Saved data entries:
§ §

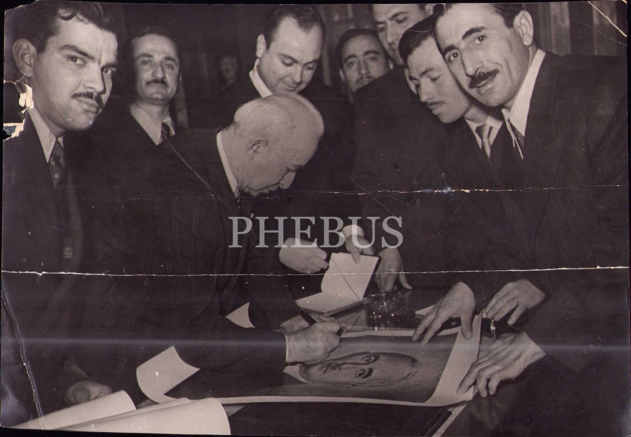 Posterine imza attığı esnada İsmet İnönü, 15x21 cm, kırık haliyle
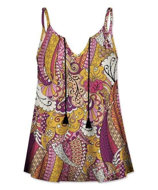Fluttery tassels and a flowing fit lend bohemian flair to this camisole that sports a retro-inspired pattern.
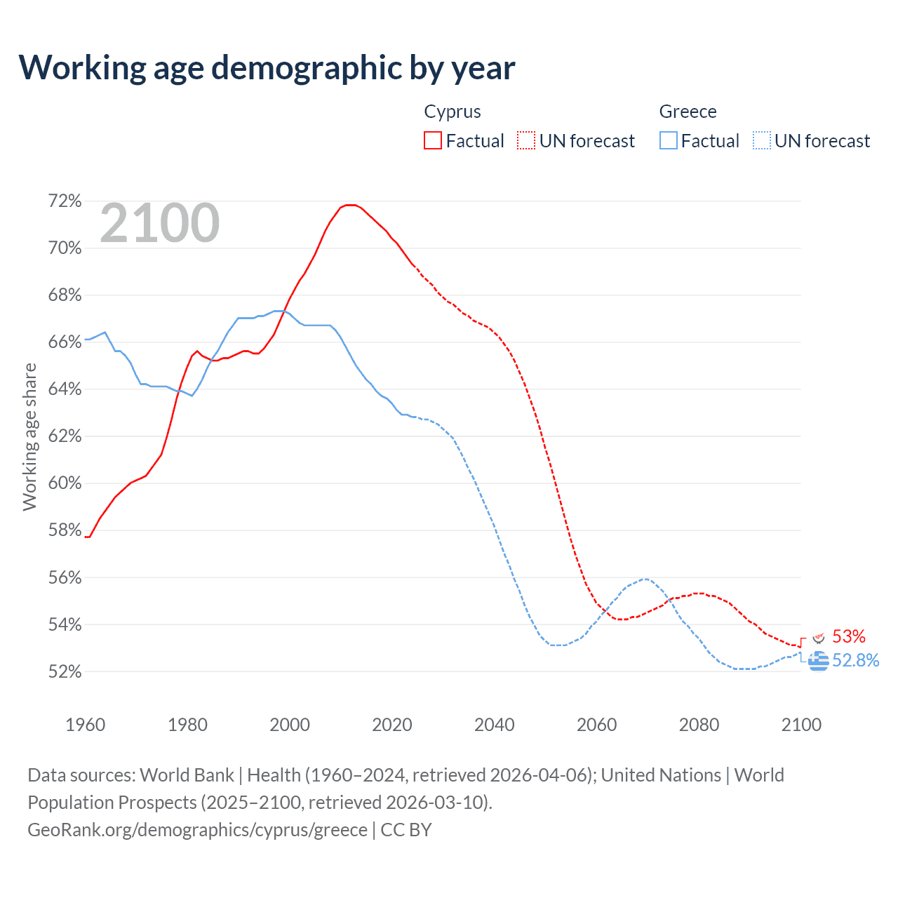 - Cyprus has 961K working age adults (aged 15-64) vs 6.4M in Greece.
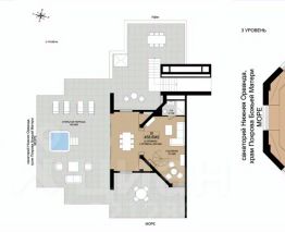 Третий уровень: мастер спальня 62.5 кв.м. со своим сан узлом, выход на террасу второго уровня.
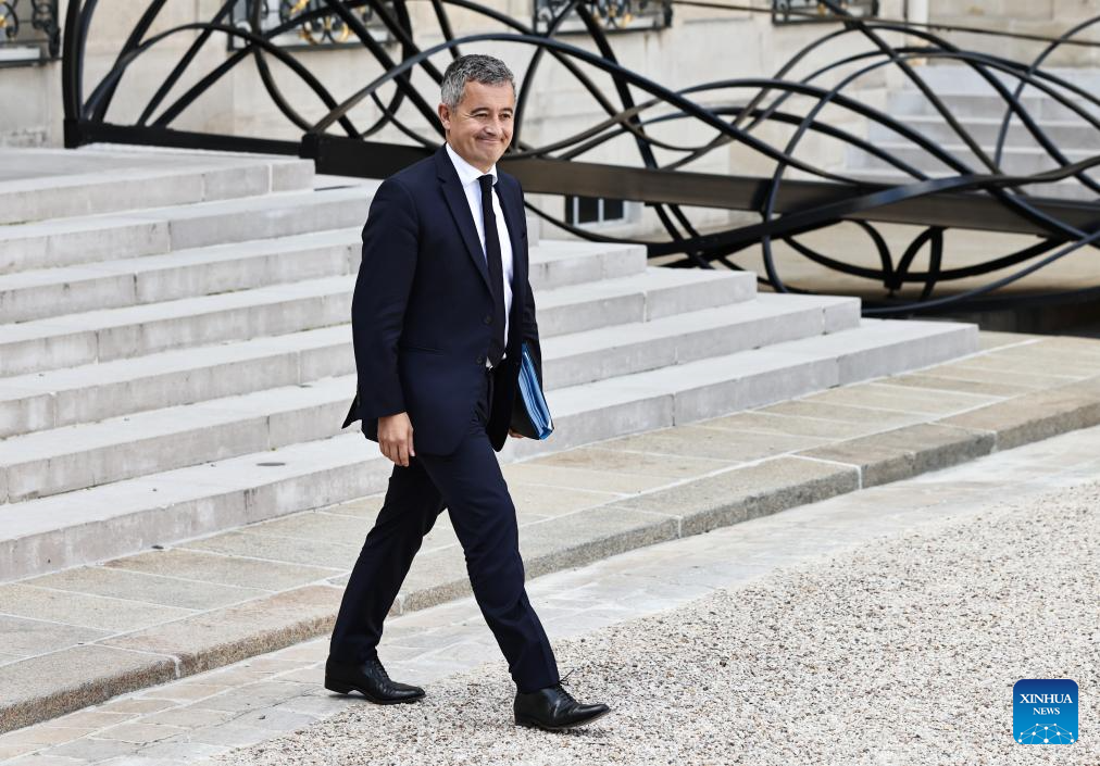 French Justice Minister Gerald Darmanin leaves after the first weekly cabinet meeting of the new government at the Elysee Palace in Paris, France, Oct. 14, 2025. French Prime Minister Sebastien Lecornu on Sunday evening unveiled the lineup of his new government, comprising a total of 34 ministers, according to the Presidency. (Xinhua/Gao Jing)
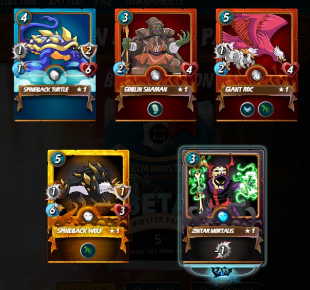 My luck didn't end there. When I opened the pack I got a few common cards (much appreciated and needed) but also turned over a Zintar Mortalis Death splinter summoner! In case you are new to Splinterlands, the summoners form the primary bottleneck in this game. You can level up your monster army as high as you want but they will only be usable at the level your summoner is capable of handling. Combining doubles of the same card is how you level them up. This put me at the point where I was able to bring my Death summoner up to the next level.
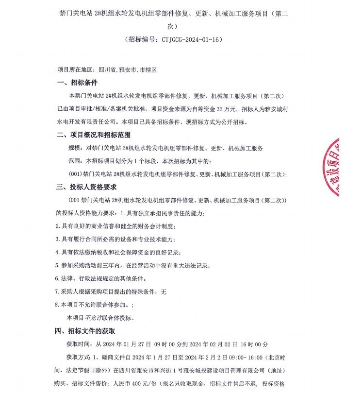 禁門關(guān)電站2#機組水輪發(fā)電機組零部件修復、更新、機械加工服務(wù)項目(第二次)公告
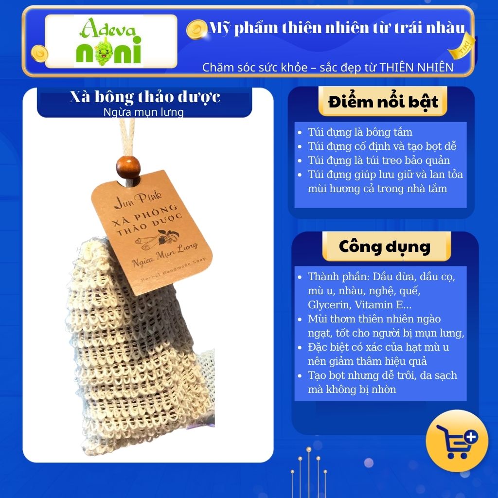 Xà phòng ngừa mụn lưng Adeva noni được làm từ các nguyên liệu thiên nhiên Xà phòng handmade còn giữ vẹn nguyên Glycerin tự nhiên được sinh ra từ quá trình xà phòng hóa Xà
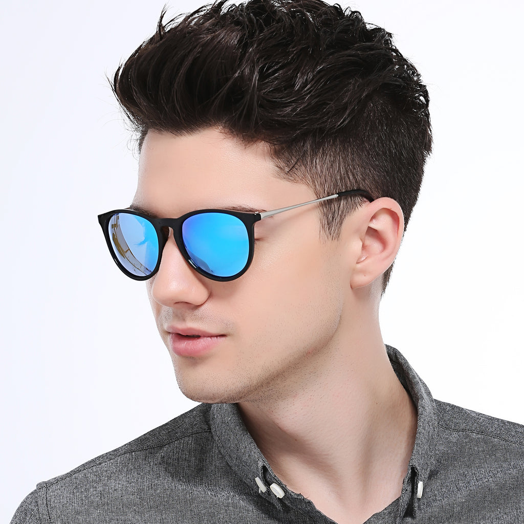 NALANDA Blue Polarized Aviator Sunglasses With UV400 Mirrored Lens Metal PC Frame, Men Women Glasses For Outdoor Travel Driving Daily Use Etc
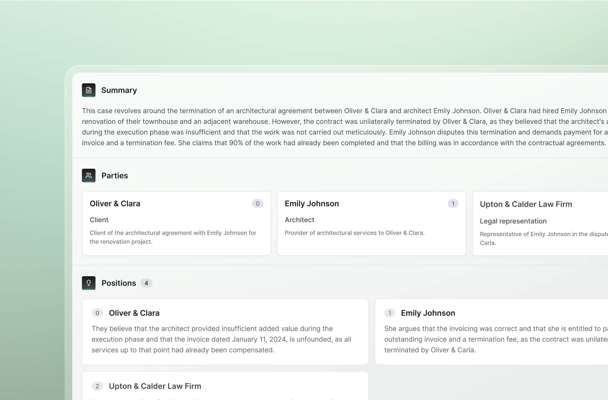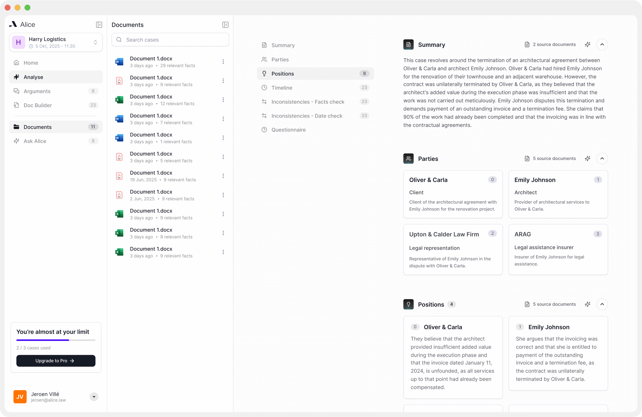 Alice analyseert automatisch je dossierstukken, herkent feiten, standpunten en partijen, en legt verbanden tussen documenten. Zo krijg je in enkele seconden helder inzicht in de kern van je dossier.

§ §

■ Exercise goal ■
Please print the entries exactly as they stand. Images are not part of the copy.

■ Problem solution ■
 Posterine imza attığı esnada İsmet İnönü, 15x21 cm, kırık haliyle
Fluttery tassels and a flowing fit lend bohemian flair to this camisole that sports a retro-inspired pattern.
 - Cyprus has 961K working age adults (aged 15-64) vs 6.4M in Greece.
 Третий уровень: мастер спальня 62.5 кв.м. со своим сан узлом, выход на террасу второго уровня.
 French Justice Minister Gerald Darmanin leaves after the first weekly cabinet meeting of the new government at the Elysee Palace in Paris, France, Oct. 14, 2025. French Prime Minister Sebastien Lecornu on Sunday evening unveiled the lineup of his new government, comprising a total of 34 ministers, according to the Presidency. (Xinhua/Gao Jing)
 My luck didn't end there. When I opened the pack I got a few common cards (much appreciated and needed) but also turned over a Zintar Mortalis Death splinter summoner! In case you are new to Splinterlands, the summoners form the primary bottleneck in this game. You can level up your monster army as high as you want but they will only be usable at the level your summoner is capable of handling. Combining doubles of the same card is how you level them up. This put me at the point where I was able to bring my Death summoner up to the next level.
 禁門關(guān)電站2#機組水輪發(fā)電機組零部件修復、更新、機械加工服務(wù)項目(第二次)公告
 Xà phòng ngừa mụn lưng Adeva noni được làm từ các nguyên liệu thiên nhiên Xà phòng handmade còn giữ vẹn nguyên Glycerin tự nhiên được sinh ra từ quá trình xà phòng hóa Xà
 NALANDA Blue Polarized Aviator Sunglasses With UV400 Mirrored Lens Metal PC Frame, Men Women Glasses For Outdoor Travel Driving Daily Use Etc
 Alice analyseert automatisch je dossierstukken, herkent feiten, standpunten en partijen, en legt verbanden tussen documenten. Zo krijg je in enkele seconden helder inzicht in de kern van je dossier.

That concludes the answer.